Lorcan Cobbe served as an enforcer for the gang that Patrick Roarke ruled with an iron fist. A gang that included his son, pickpocket and budding expert thief Roarke. But Roarke, in spite of his father’s tendency to let his fists fly at any – or no – provocation, was the elder’s acknowledged son, where that acknowledgement was something that Cobbe not only envied but believed that he was owed.

The elder Roarke is gone, and good riddance, but Lorcan Cobbe believes that he is still owed, and that he’s going to get his long-delayed payback by killing Roarke. After first stripping from him everything he has earned and everything he holds dear, including his position, his fortune, his friends and definitely his wife.

But the years that Lorcan has spent in the shadows as one of the world’s best – and most expensive – contract killers are the same years that Roarke spent building a legitimate fortune, a circle of friends, a found family, and finding not only the birth family that his so-called father denied him but also making a life with the surprising love of his life, Eve Dallas.

They met over a dead body, as is fitting when one falls for a homicide cop. In the years since they’ve gathered a family, partly of blood and mostly of choice, of people who will walk through fire for either of them.

Cobbe has targeted both, and that family will take him down. Wherever that chase may lead them.

Escape Rating A-: I swallowed this book whole in a couple of lovely hours. I read this series not for the mystery aspect, but for the family-of-choice story.
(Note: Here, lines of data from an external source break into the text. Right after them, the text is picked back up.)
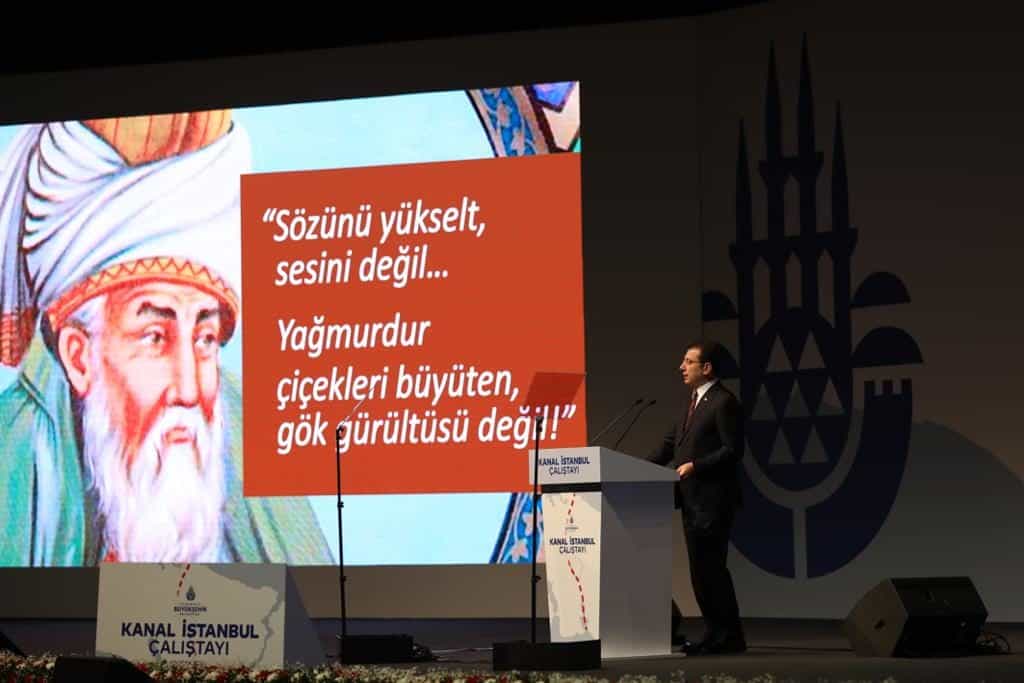 İmamoğlu, Mevlana’nın, “Sözünü yükselt; sesini değil. Yağmurdur çiçekleri büyüten; gök gürültüsü değil” sözünü anımsatarak, “Onun için; hepimiz, halkın, uzmanların ve bilim insanlarının sözlerine gönülden kulak verelim” dedi ve projeye neden karşı olduğunu şöyle açıkladı: “Kanal İstanbul, mecbur olmadıkça hiç kimsenin asla evet demeyeceği, çok büyük ve çok riskli bir ameliyat. Tamamıyla yanlış bir ameliyat. İstanbul kesip biçilecek. İstanbul’un hayati sistemleri zarar görecek. İstanbul’un bazı bölgeleri felç olacak. Kimi yerleri sakat kalacak. Bir şehri böyle riskli, böyle ölümcül bir ameliyata sevk edenler, ‘Siz ne derseniz deyin, bu ameliyat yapılacaktır’ diyemezler.“
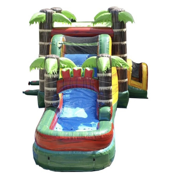 Take the fun and excitement of jumping and playing in a Bounce/Slide Combo and MEGA SIZE it with the Mega Tropical Fire Marble Water Slide Bounce House Combo! From the bright, vibrant colors, to the spacious bouncing area and incredibly fun big slide, kids can't help but look at these units in awe. This unit stretches out for 32' feet of fun, exciting activities that may even have a few parents secretly wanting to jump in! Crawl into the bouncing area through our upgraded, enclosed tunnel entrance. Have a blast jumping, bouncing and laughing the day away on this mega bouncer! It even has a basketball hoop inside the bouncing area for extra fun! Climb up the short rock climb wall to get a view of the flowing water down the slide. Get ready, then head down into the splash pool at the bottom for a grand finale and some photos for the scrapbook! The Mega Tropical Fire Marble Water Slide Bounce House Combo brings everything needed to the party to have a great time, and fill it with all the joy that kids (and adults!) want on a fun, exciting and memorable play day. Simply connect the built-in misting system to a standard garden hose to create the water slide or leave the water off and use it without water for an equally good time.
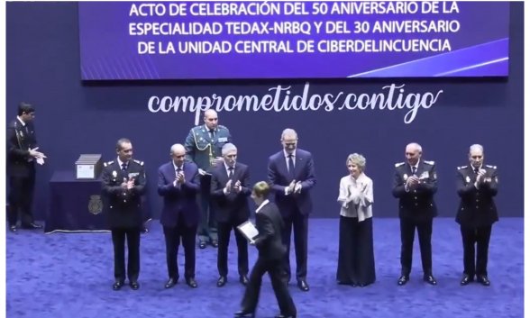 Observen cómo los familiares de los Tédax-NRBQ caídos en acto de servicio que han recibido un reconocimiento de manos del Rey no han saludado al ministro del Interior, Fernando Grande-Marlaska.
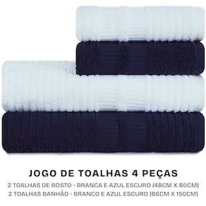 Este kit contém: 02 Toalhas Banhão (86cm x 150cm) 02 Toalhas de Rosto (48cm x 80cm)
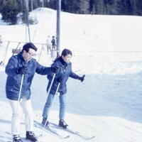 - Two Pacific University students skiing in 1968, probably at Mount Hood. They are on a beginner's slope with a tow rope on the right. Based on other related images, this may have been taken during a Haumana O Hawai'i (Hawaiian Student Club) outing.
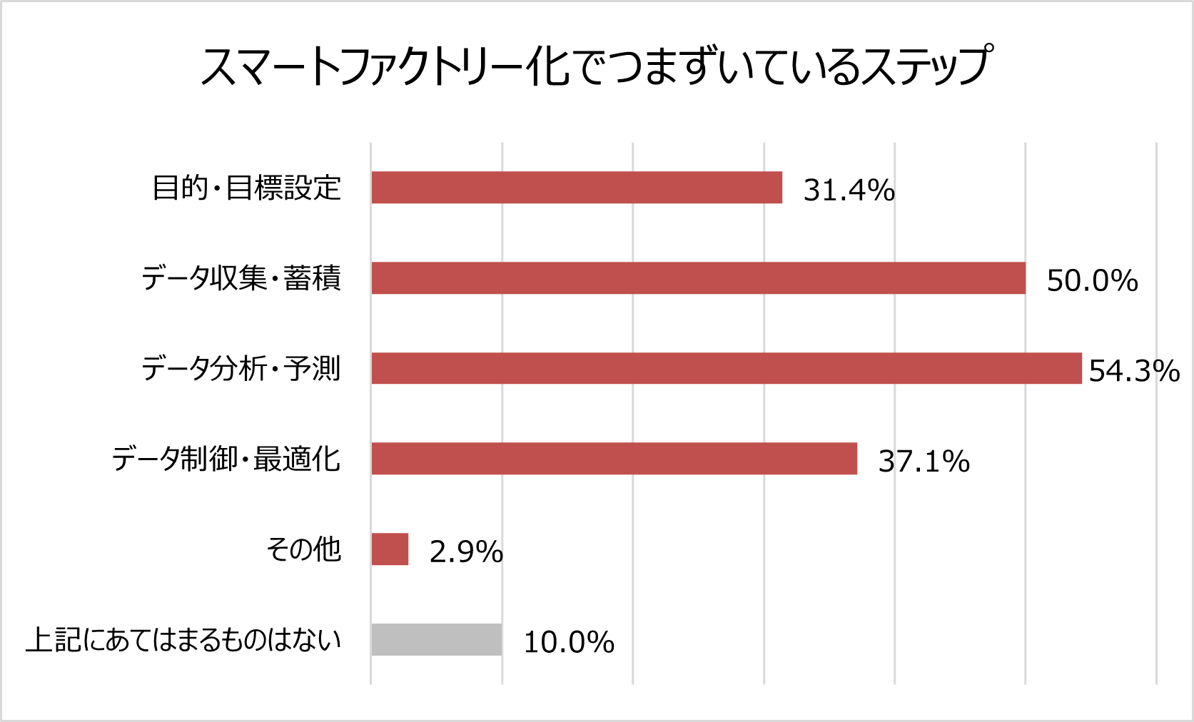一方で、成果を感じていない70名は、主に「データ分析・予測」「データ収集・蓄積」でつまずいていることが分かりました。スマートファクトリー化を進めるにはこのステップをどのように超えるかがポイントになると考えられます。
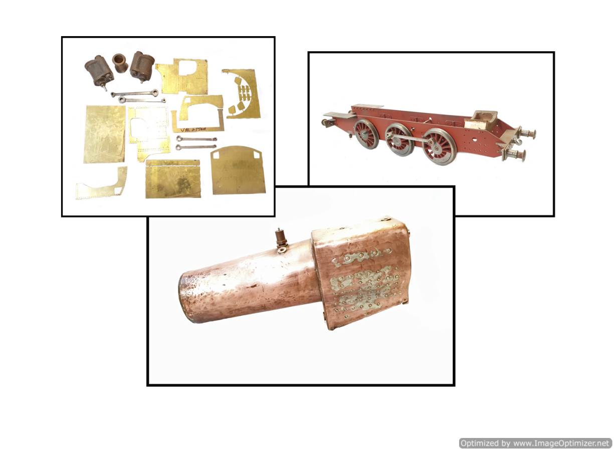 There is the rolling chassis too as you can see, the cylinder's the coupling rods and an engineer's laser cab kit. An early stage build but a clean and neatly machined start with a solidly made and viable boiler,.... which of course is where the bulk of the value lies.

Twice a year I get to visit with these very good friends and see how they’re doing, and it’s marvelous every single time whether the mystery is compelling or merely a day’s work for Eve and company. This one was so compelling that I had to thumb to the end to make sure that the dark places it went too weren’t too utterly black. No one likes to see their friends, even their book-bound friends, suffer.
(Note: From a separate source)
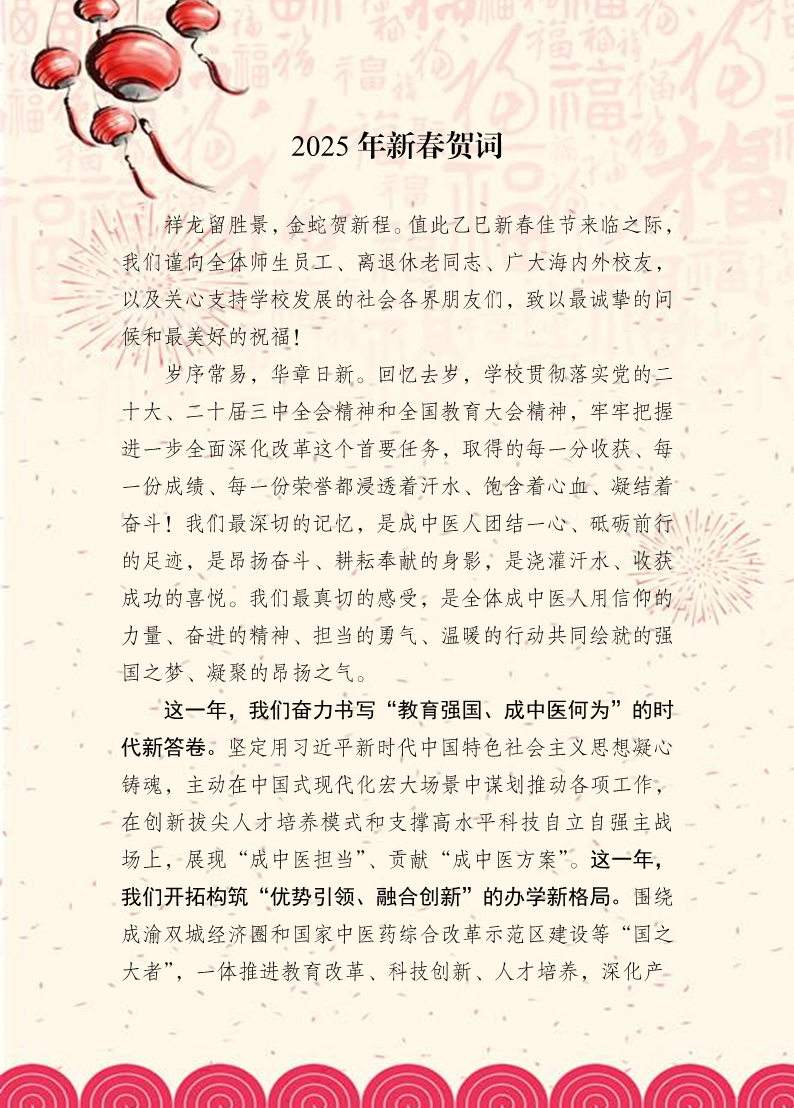 2025年新春贺词 发布时间:2025-01-28 07:00:11 浏览次数: 次 【字体:小 大】 【打印正文】 上一条:新起点、再出发,走出一流中医药大学特色发展之路 下一条:@海内外成中医人,收祝福啦!
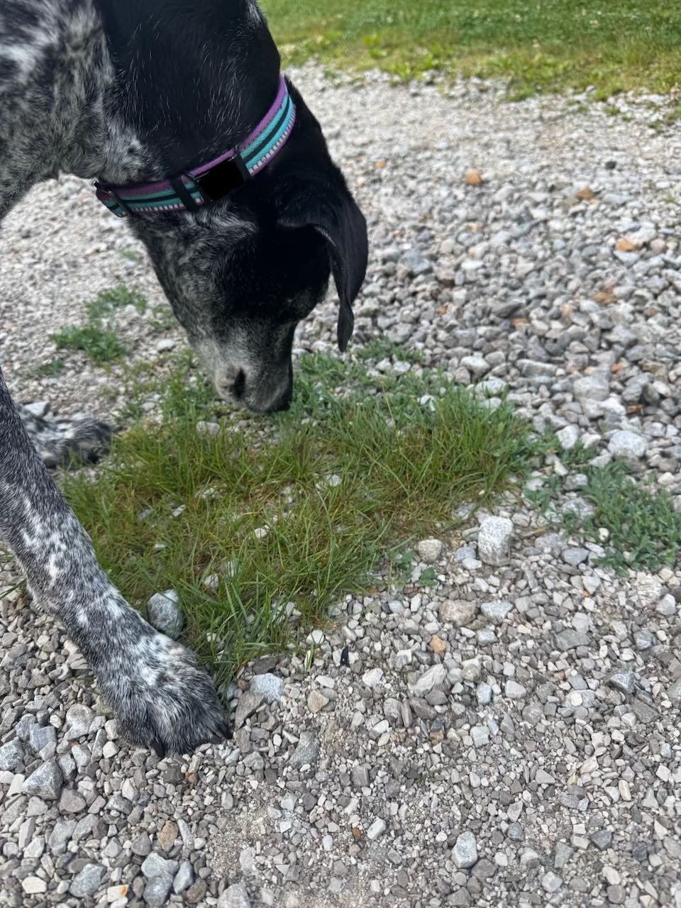 So I look at that and see simply a patch of rogue grass growing in the middle of a gravel path. Even if I bent down and stuck my nose in the grass, I might only smell some hint of the grass smell but that would likely be about it. As I looked at where Scout was sniffing, I didn’t see anything. But she was locked in and was on some scent and was sniffing so much at it that I could hear her when I was standing up. She does a thing as well where she kind of snorts (blowing out) air when she’s sniffing like that - I think it is to get the scents “kicked up” a bit.

This one began with all the hallmarks of one of the series’ semi-regular trips to the angst factory. Both Eve and Roarke had abusive fathers – who dammitall knew each other – and both raised themselves with a bit of help from someone or something who gave them purpose. In Roarke’s case that someone was Summerset, now his majordomo, and in Eve’s case it was the NYPSD.

They should have remained on entirely different paths, but their meeting over a dead body in Naked in Death cemented both their fates and glued their futures together – and onto a single, surprisingly straight-and-kinda-narrow path for ex-thief Roarke.
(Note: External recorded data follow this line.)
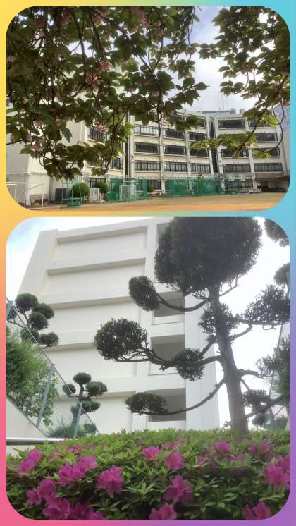 新緑が鮮やかな季節になってきました。校庭の花も八重桜からつつじが咲き誇り出しています。池の鯉も元気に泳いでいます。
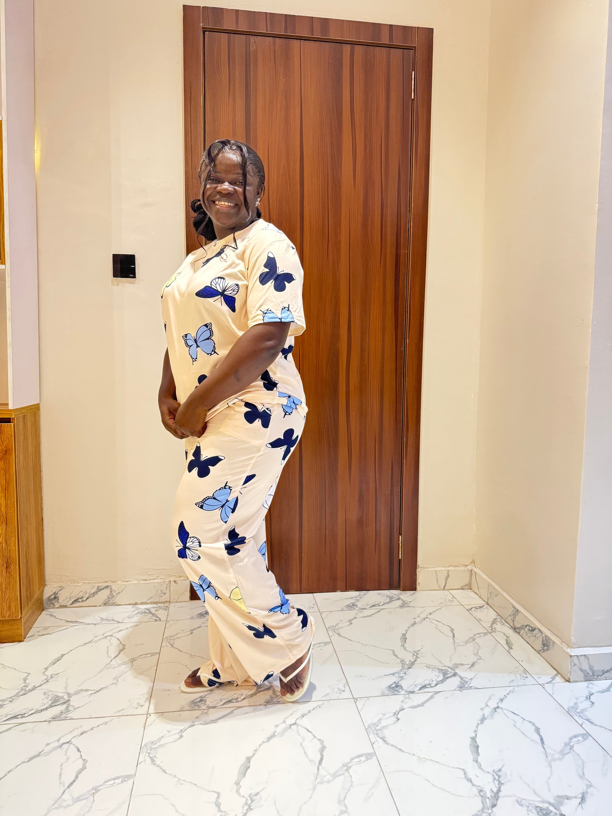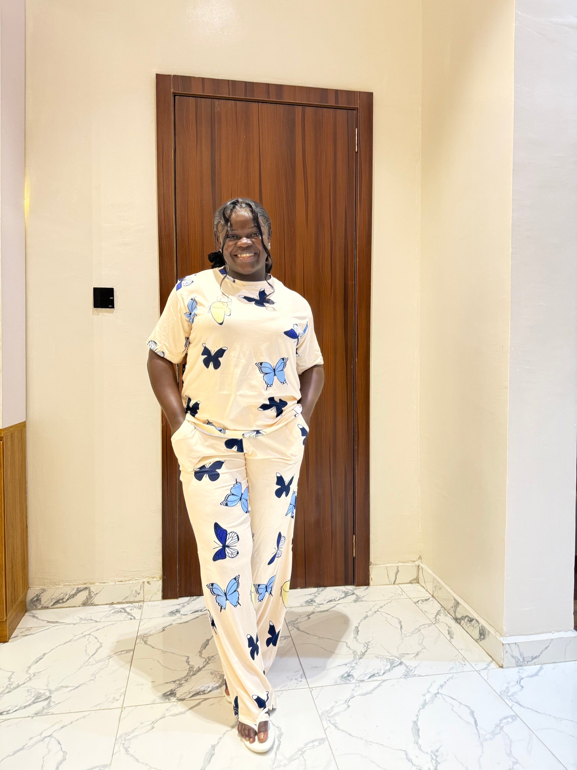 Creamy butterfly pajamas set
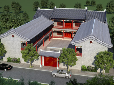 108C二層四合院設(shè)計(jì)圖外觀效果圖,三合院四合院私人定制設(shè)計(jì)
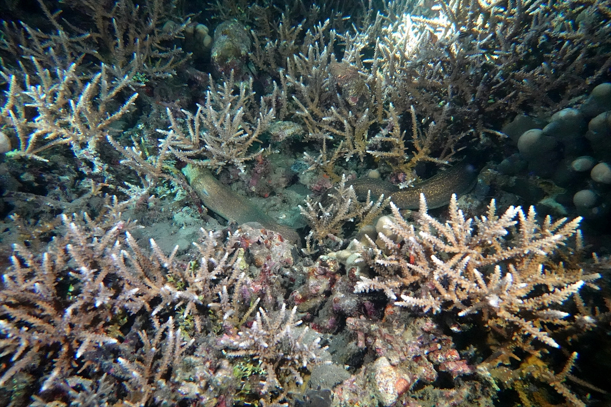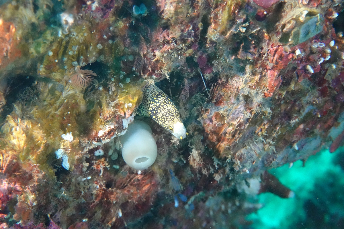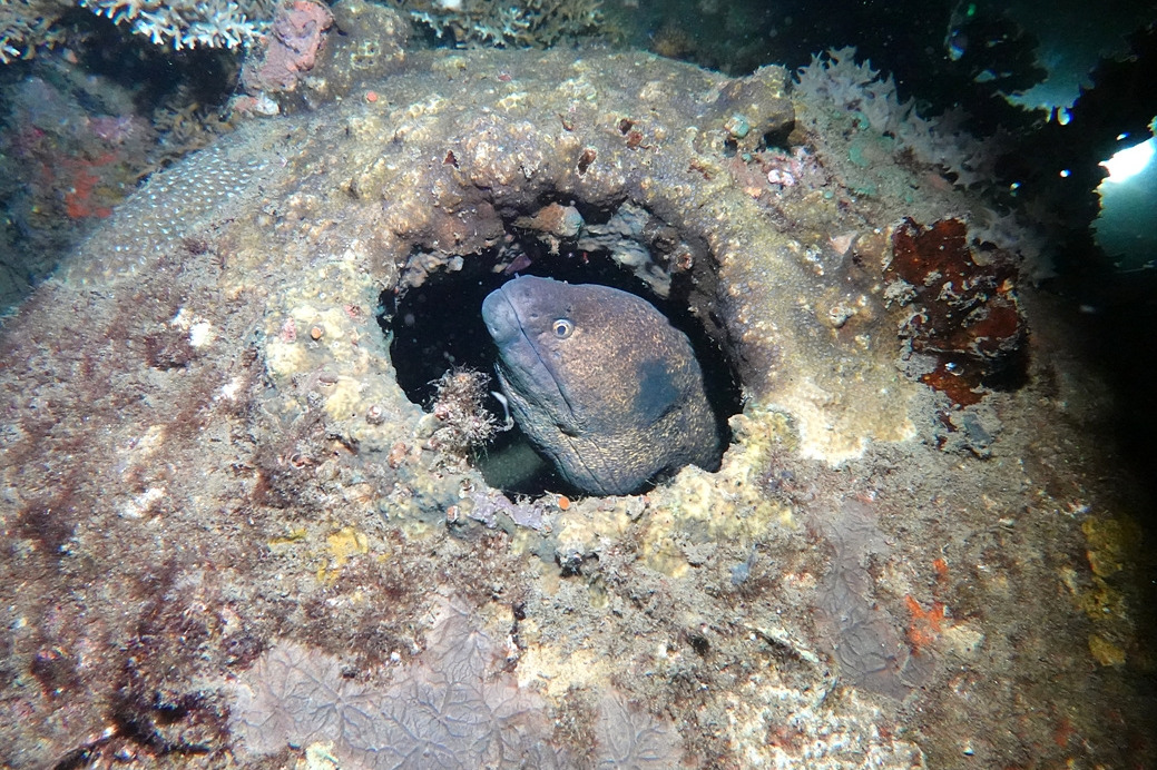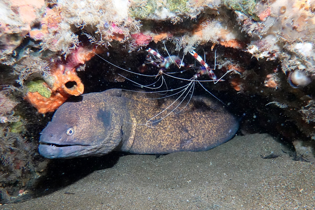 밴디드 코랄 쉬림프 커플과 큰 곰치가 한 구멍에 있다. 내가 사진 찍으려고 하니 귀찮은지 곰치가 쏙 빠져나간다.

This story in the series read as a big “payoff” for fans of the series. It’s an A- rating because as much as I absolutely adored it, this would be an impossible place to get into the series. This story works because it’s an all hands on deck story, where everyone who has ever gotten close to Eve and Roarke bands together to help them take out the threat. Readers who know where they came from, who have seen this disparate group bind themselves together over the course of the series, will love every minute of this story, while anyone who is not already steeped in the brew will not be nearly as moved.

This feels like a kind of closing off of the past. Roarke sees Cobbe and finds himself remembering parts of his own childhood that he buried long ago because they were too painful. Cobbe’s re-advent into his life gives him the opportunity to bring those parts into the light – and to see just how far he’s come and just how well he’s done for himself. Not in the financial sense because that was always his goal and he never lost sight of it, but in his heart and soul. His past was dark, and he needs to see it for what it was to appreciate just how much light he’s surrounded himself with and how truly wonderful it is.

The story contrasts Cobbe, whose professional persona falls apart when he goes after Roarke, with Roarke who realizes just how together he is, and just how many people are together with him. The ending is wonderfully cathartic, and I needed that even more than the characters in the story did.

This could have been the end of the series. The way the entire group comes together would have made a perfect stand up and cheer end for the whole thing and would have provided a terrific amount of closure all around. But I’m oh-so-glad that it isn’t. Eve and Roarke will be back this winter in Faithless in Death. And I already can’t wait to see the gang again!